TASK OBJECTIVE
Skip the pictures and write out, word for word, the lines below from the one with "1、通过折线图可以显示数据随" through the one with "Adjust seat spring", inclusive.

RECORDS
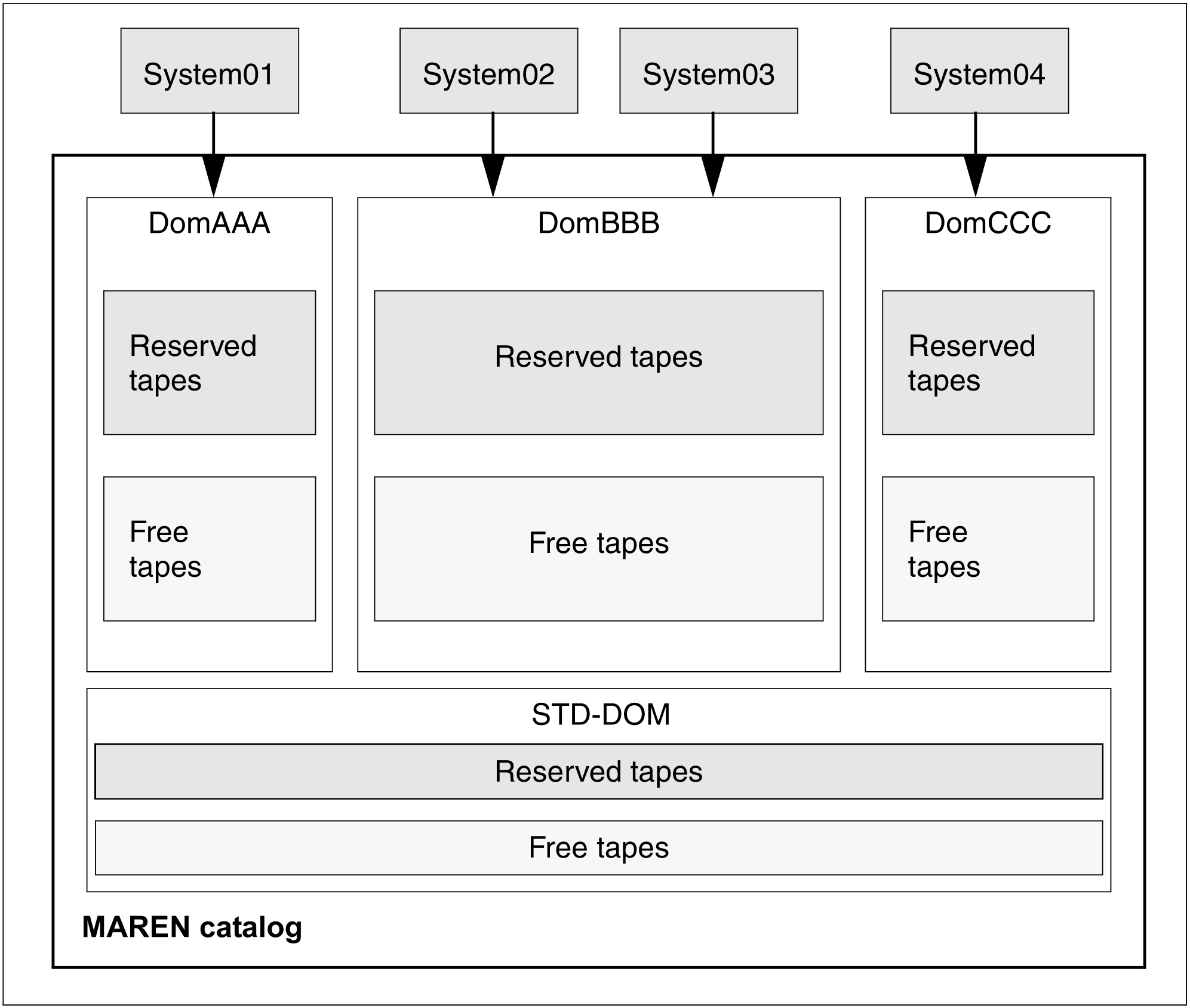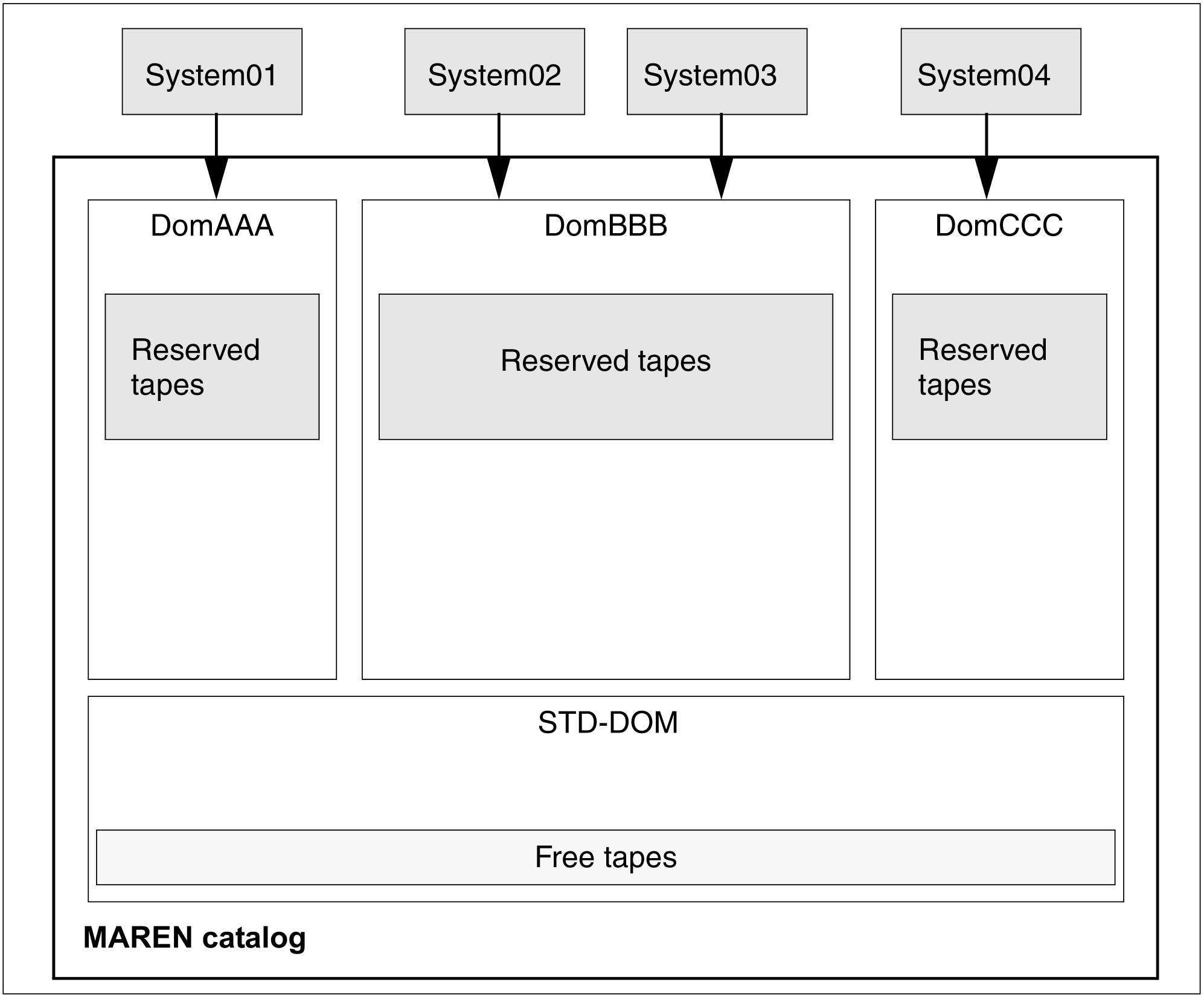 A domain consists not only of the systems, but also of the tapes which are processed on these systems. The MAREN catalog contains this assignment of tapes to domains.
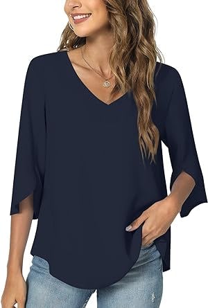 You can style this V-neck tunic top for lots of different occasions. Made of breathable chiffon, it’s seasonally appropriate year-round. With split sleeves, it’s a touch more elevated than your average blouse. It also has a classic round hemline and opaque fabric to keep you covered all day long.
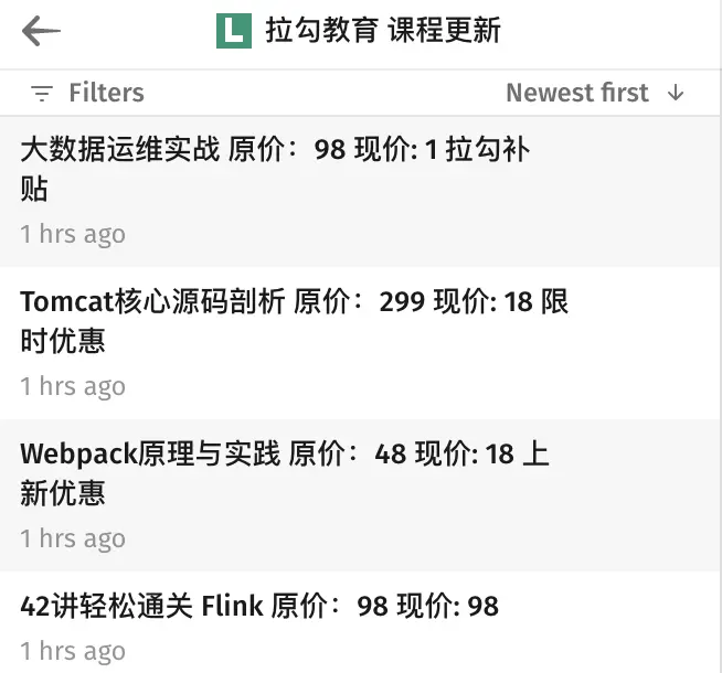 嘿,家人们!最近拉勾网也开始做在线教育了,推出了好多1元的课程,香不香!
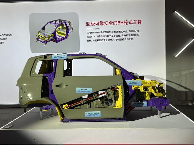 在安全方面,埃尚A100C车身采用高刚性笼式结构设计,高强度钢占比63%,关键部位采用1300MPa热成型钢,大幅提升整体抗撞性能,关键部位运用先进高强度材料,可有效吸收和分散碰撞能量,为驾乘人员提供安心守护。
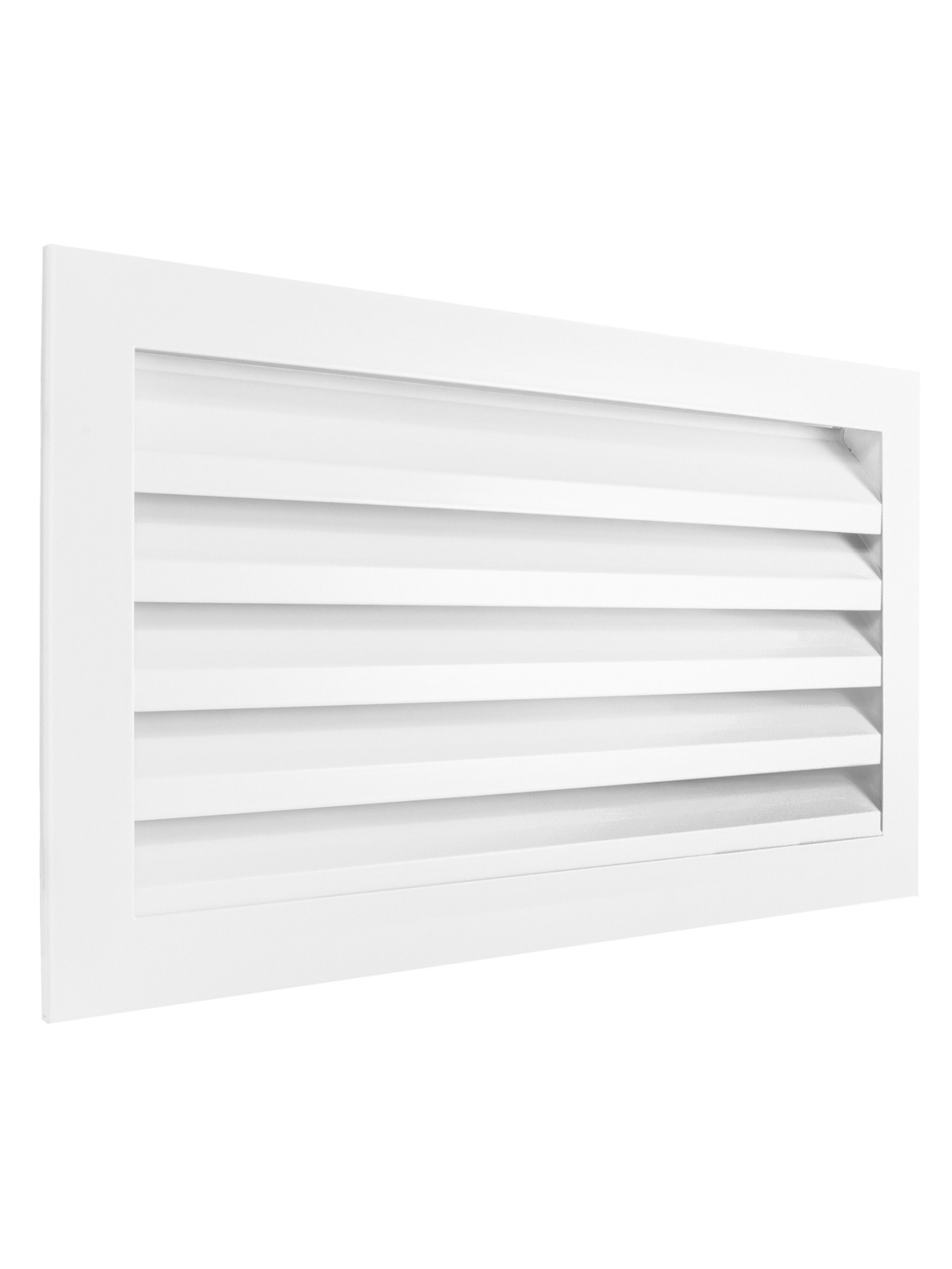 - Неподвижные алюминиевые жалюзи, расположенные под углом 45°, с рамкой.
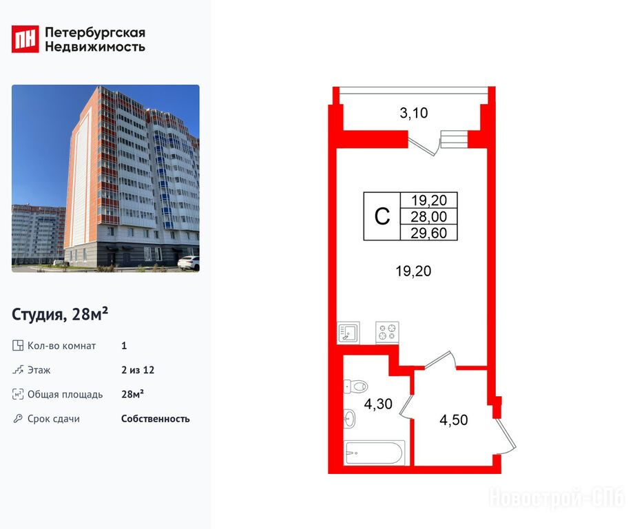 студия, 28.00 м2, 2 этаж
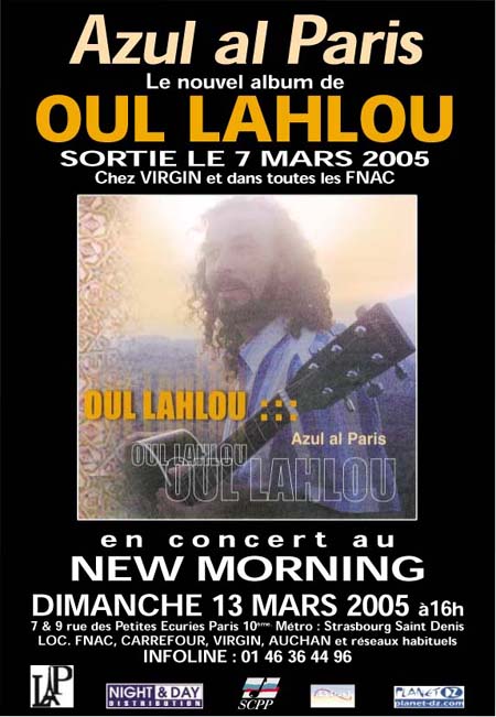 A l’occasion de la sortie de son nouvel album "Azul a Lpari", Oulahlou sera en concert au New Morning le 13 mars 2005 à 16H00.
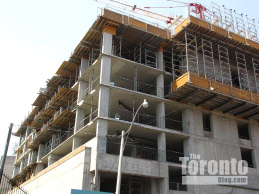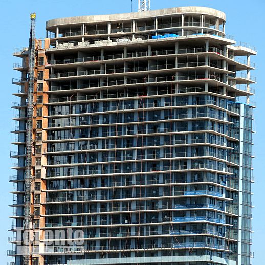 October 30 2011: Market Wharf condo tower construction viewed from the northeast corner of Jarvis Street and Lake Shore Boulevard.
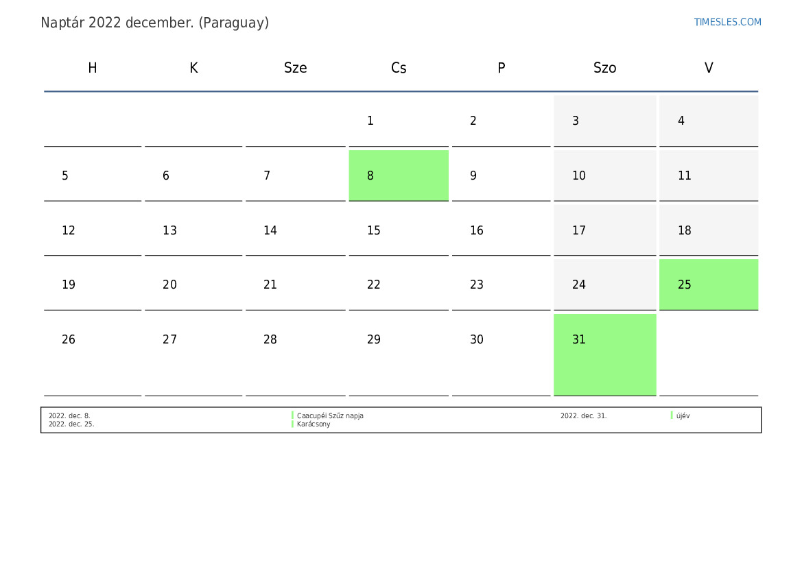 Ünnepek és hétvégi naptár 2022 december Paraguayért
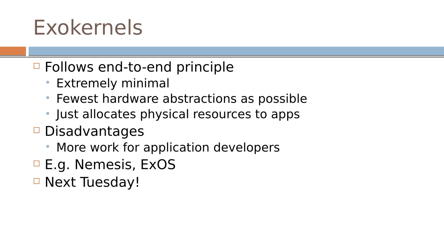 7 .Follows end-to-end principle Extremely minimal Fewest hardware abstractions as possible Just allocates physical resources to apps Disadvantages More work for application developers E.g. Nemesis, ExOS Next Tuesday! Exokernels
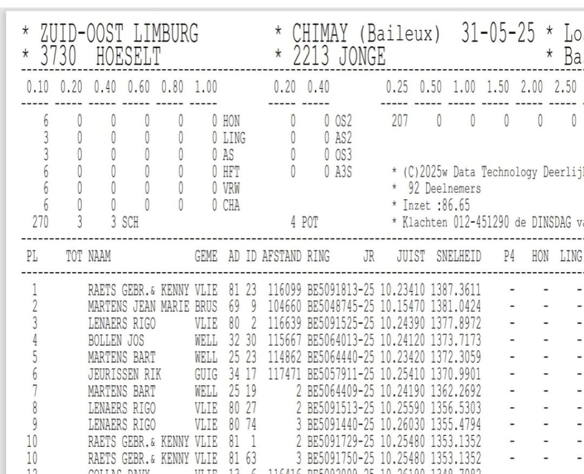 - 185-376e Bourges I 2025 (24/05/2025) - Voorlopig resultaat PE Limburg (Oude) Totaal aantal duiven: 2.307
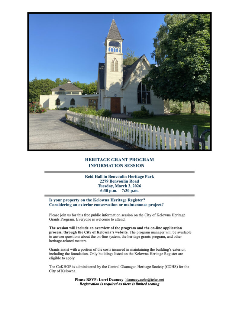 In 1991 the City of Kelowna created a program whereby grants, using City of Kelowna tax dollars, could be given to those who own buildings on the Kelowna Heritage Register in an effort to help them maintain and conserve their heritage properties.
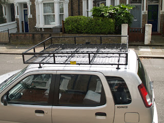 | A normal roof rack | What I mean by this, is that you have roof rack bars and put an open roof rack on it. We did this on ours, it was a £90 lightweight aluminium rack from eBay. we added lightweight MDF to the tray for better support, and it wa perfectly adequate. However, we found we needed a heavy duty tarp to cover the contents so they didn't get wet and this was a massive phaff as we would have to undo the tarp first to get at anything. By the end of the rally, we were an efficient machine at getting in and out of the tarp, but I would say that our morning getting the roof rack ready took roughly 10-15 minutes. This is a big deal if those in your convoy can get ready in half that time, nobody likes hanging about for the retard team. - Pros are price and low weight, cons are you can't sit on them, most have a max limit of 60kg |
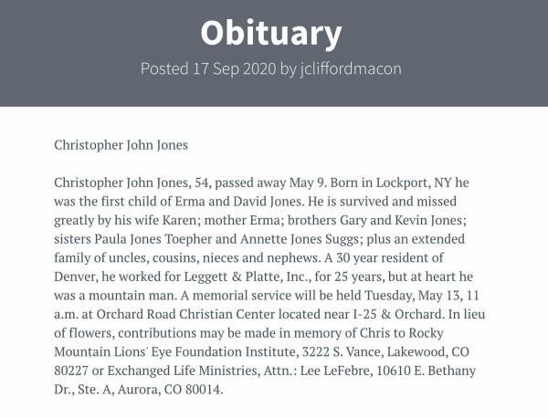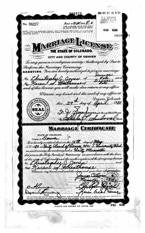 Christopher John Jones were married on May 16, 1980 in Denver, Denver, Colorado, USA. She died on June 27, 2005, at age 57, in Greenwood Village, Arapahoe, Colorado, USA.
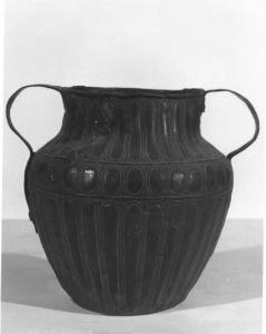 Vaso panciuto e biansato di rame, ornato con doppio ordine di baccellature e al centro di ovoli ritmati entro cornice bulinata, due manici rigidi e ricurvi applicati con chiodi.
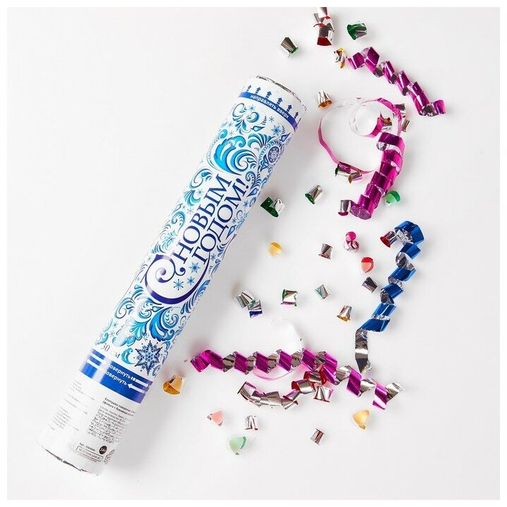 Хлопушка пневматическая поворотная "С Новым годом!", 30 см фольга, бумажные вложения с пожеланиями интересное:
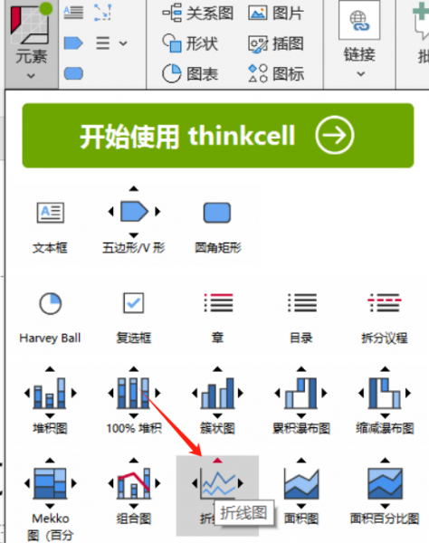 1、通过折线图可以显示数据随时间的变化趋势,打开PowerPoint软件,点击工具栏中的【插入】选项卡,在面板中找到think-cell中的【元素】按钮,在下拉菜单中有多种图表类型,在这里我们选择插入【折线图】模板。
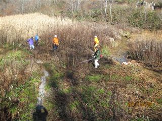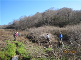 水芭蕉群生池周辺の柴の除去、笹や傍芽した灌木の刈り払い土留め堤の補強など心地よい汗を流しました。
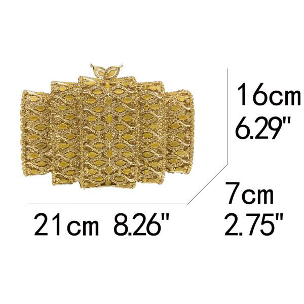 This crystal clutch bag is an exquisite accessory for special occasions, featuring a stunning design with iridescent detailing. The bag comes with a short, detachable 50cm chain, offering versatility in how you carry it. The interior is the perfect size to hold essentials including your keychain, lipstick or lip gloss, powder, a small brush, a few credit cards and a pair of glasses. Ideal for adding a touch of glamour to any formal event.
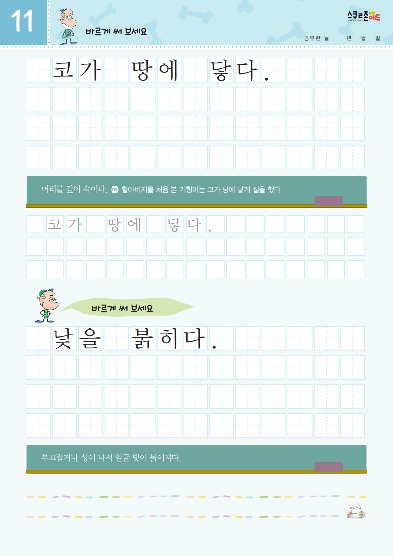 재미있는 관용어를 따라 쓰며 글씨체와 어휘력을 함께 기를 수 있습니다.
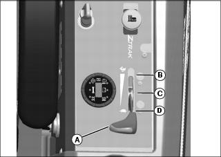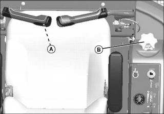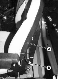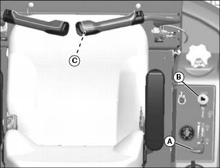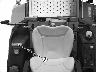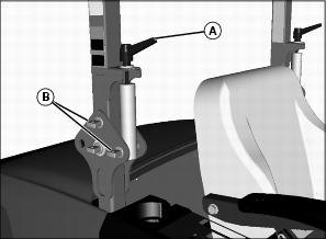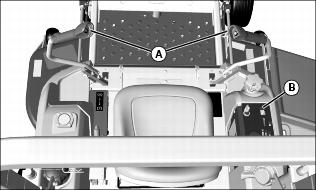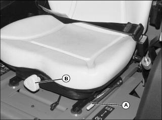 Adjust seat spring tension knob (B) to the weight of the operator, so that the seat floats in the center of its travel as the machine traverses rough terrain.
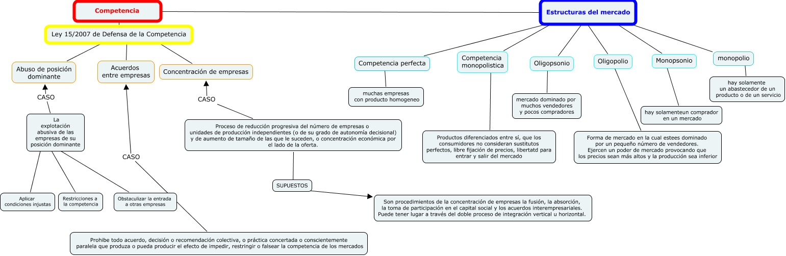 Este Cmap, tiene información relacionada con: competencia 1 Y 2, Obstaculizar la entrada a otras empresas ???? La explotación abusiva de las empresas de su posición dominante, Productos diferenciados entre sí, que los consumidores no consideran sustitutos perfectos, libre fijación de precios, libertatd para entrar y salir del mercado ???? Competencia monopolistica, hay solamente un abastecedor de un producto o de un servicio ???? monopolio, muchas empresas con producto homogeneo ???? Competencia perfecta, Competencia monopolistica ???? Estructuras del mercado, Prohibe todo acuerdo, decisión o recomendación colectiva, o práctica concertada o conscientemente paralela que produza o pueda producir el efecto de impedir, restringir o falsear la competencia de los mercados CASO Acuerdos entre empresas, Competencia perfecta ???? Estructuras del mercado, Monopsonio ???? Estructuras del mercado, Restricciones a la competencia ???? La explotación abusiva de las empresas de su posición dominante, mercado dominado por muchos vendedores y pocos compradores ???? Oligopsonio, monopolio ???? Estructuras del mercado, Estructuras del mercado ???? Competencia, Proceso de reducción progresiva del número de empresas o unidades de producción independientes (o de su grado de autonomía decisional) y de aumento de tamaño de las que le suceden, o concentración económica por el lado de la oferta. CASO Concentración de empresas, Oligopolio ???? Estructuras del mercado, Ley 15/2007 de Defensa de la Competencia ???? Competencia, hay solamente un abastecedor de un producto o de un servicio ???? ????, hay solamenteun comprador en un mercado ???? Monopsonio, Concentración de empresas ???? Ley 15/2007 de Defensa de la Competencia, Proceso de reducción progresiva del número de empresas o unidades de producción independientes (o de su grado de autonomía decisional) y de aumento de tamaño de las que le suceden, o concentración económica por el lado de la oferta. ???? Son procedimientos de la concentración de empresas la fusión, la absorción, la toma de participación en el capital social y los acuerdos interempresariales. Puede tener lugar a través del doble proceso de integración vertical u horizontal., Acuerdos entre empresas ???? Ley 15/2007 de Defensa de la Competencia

ANSWER FOR THIS EXERCISE
 1、通过折线图可以显示数据随时间的变化趋势,打开PowerPoint软件,点击工具栏中的【插入】选项卡,在面板中找到think-cell中的【元素】按钮,在下拉菜单中有多种图表类型,在这里我们选择插入【折线图】模板。
 水芭蕉群生池周辺の柴の除去、笹や傍芽した灌木の刈り払い土留め堤の補強など心地よい汗を流しました。
 This crystal clutch bag is an exquisite accessory for special occasions, featuring a stunning design with iridescent detailing. The bag comes with a short, detachable 50cm chain, offering versatility in how you carry it. The interior is the perfect size to hold essentials including your keychain, lipstick or lip gloss, powder, a small brush, a few credit cards and a pair of glasses. Ideal for adding a touch of glamour to any formal event.
 재미있는 관용어를 따라 쓰며 글씨체와 어휘력을 함께 기를 수 있습니다.
 Adjust seat spring tension knob (B) to the weight of the operator, so that the seat floats in the center of its travel as the machine traverses rough terrain.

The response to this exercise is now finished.